*Records from a data source:*
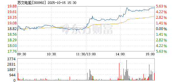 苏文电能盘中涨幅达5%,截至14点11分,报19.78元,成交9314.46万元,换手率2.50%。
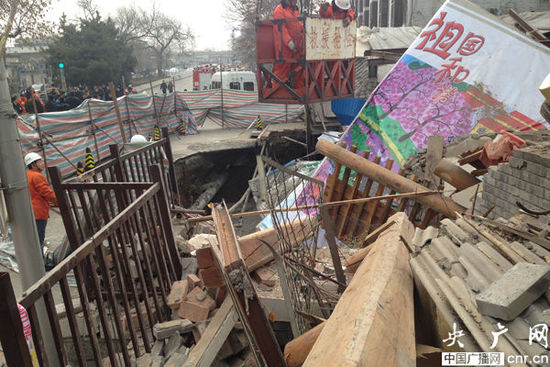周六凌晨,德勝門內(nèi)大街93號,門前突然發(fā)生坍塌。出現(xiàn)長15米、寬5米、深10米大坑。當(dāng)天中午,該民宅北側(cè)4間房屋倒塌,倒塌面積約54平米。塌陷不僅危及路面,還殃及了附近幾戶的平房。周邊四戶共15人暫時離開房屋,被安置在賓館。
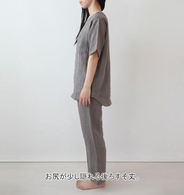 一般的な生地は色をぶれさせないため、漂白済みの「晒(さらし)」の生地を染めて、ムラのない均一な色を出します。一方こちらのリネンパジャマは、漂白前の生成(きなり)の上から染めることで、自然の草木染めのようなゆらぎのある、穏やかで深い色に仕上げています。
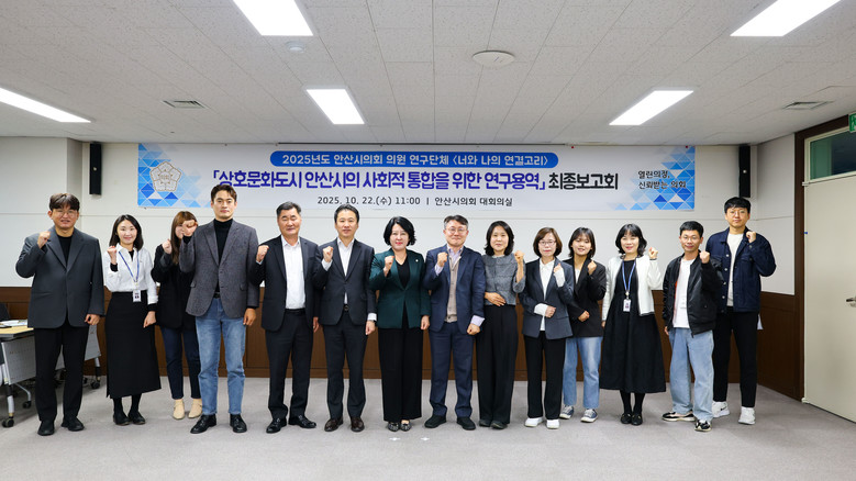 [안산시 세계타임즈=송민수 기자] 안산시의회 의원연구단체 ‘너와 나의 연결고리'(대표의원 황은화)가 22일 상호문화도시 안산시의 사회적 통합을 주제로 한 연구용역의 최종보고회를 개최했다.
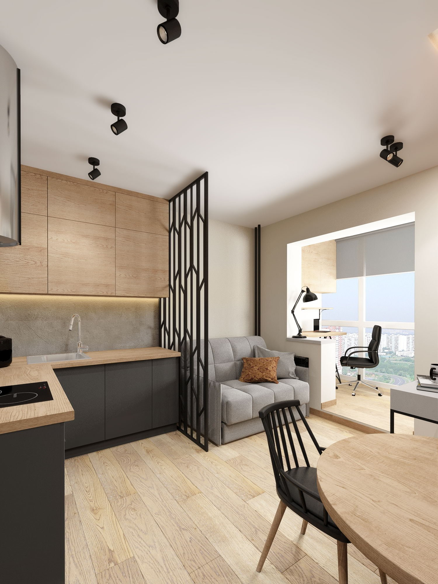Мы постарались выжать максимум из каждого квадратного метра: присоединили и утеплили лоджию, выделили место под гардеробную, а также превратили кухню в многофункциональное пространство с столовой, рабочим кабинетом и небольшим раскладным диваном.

*Task to carry out:* Only an exact copy belongs in the answer: the lines from the one containing "周六凌晨,德勝門內(nèi)" through the end of the records, both ends included, minus the pictures.

*Exercise result:*
周六凌晨,德勝門內(nèi)大街93號,門前突然發(fā)生坍塌。出現(xiàn)長15米、寬5米、深10米大坑。當(dāng)天中午,該民宅北側(cè)4間房屋倒塌,倒塌面積約54平米。塌陷不僅危及路面,還殃及了附近幾戶的平房。周邊四戶共15人暫時離開房屋,被安置在賓館。
 一般的な生地は色をぶれさせないため、漂白済みの「晒(さらし)」の生地を染めて、ムラのない均一な色を出します。一方こちらのリネンパジャマは、漂白前の生成(きなり)の上から染めることで、自然の草木染めのようなゆらぎのある、穏やかで深い色に仕上げています。
 [안산시 세계타임즈=송민수 기자] 안산시의회 의원연구단체 ‘너와 나의 연결고리'(대표의원 황은화)가 22일 상호문화도시 안산시의 사회적 통합을 주제로 한 연구용역의 최종보고회를 개최했다.
Мы постарались выжать максимум из каждого квадратного метра: присоединили и утеплили лоджию, выделили место под гардеробную, а также превратили кухню в многофункциональное пространство с столовой, рабочим кабинетом и небольшим раскладным диваном.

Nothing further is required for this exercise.